Kurt nodded, his mouth neutral as he tugged the gloves on. Embroidered into the front of his cap was the charming sentiment: 'God hates fags.'

Cary's nostrils flared like he smelled something bad. "That hat's not coming on my worksite."

Kurt's eyebrows flicked up and he took the cap off to look at it. "It's ironic."

"It's offensive," Cary said. He dug around in the backseat of his truck, and tossed Kurt a different cap, something Jon's kid sisters had left behind last time they visited.

Kurt caught it neatly out of the air and laughed out loud at the purple 'My Little Pony' on the front. "I never took you for a 'brony.'"

"You can burn the other one."

"But my brother gave it to me." Kurt tucked his hair under the sparkly pink and purple cap, his eyes narrow under the brim. "He has a matching one."

Cary decided to ignore this, nudging his chin at the house. "Basement is framed up. We're hanging the drywall today and mudding. Back tomorrow for more mud and sanding between another framing job. Grab the tool box from my truck."

Kurt worked amiably alongside him, quick to take orders, to apologize when his end slipped, to notice when the sheet was crooked. He sweated through his shirt in the close basement air, the fabric sticking to the jutting bones of his shoulders, but he didn't slow down and he didn't stop until Cary stopped. Cary respected a person who knew how to work.

On the curb, as the light vanished from the sky, Cary peeled off the $250 and held it out.

Swiping sweat from his forehead with the back of his wrist, Kurt flicked Cary a look. "We worked half a day--that's too much."

"It's tomorrow in advance," Cary improvised. "You're hired if you want the job. Hard to find someone who'll keep up to me. My last guy drank his paycheck and showed up still drunk.

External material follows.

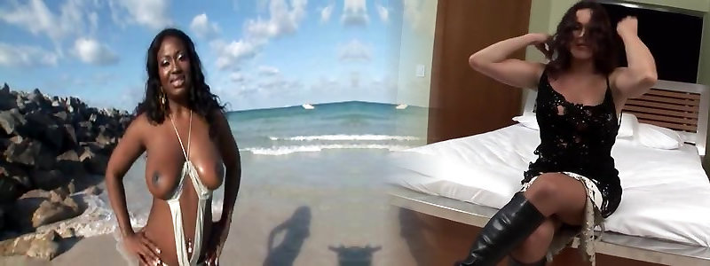 Beach change cabin ebony tube kala giving super-steamy view on fledgling udders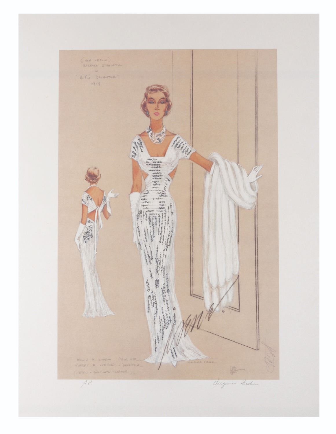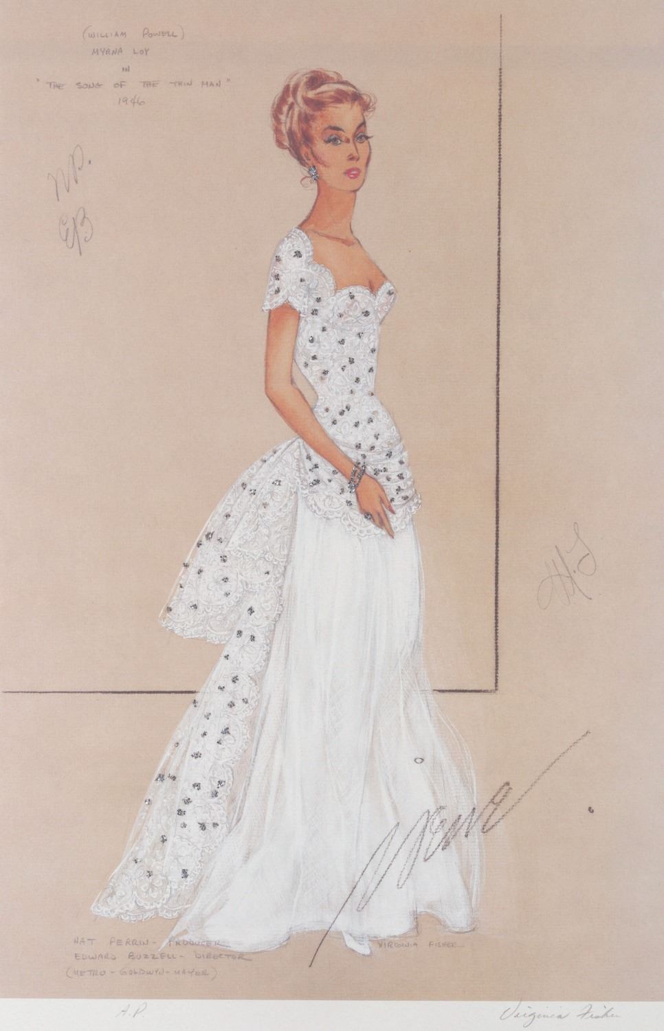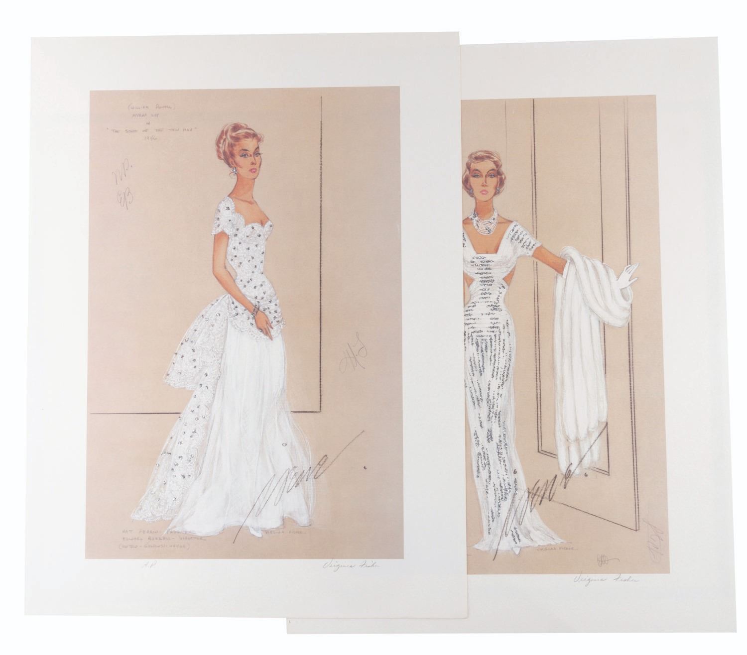 (Virginia Fisher, 1970s) A pair of lithographs of 1940s Hollywood costume designs by Virginia Fisher. Included are outfits for Myrna Loy in "The Song of the Thin Man” and Barbara Stanwyck in "B.F.’s Daughter.” These artist proofs are hand embellished with glitter accents and pencil inscriptions, including Fisher’s signature at the bottom right of each. With image sizes of 13” x 19.25” measuring 18” x 24” overall, the prints are in very good condition with stray marks and glitter from the production process.

I had to fire him."

Kurt folded the money away, looking aside. "I won't do that." He handed Cary his pony cap back. "I'm going to a meeting tonight. I was almost four months sober--I'll get it back."

"Tough to go it alone," Cary commented.

Kurt shrugged, lifting his hand and swaggering away.

{Jon}

River House group home was an ordinary bungalow in a residential neighbourhood. When Jon arrived on shift that evening, two of his staff were talking quietly in the office off the hall as they finished filling out their paperwork.

"Mornin' boss," Angel said, giving him a small smile. Her pixie hair cut was sticking up in all directions and dyed grass green today, combining with her smooth brown skin to give her the appearance of a forest sprite gone urban-punk.

Angel was one of the only staff actually younger than her manager, but Jon thought the older staff were mostly over it. Jon worked harder than any of them, handled the conference calls with social workers and difficult family members, and listened patiently to the staff's grievances without letting them get away with shit. It probably didn't hurt that he covered more than half the graveyard shifts no one else wanted to work.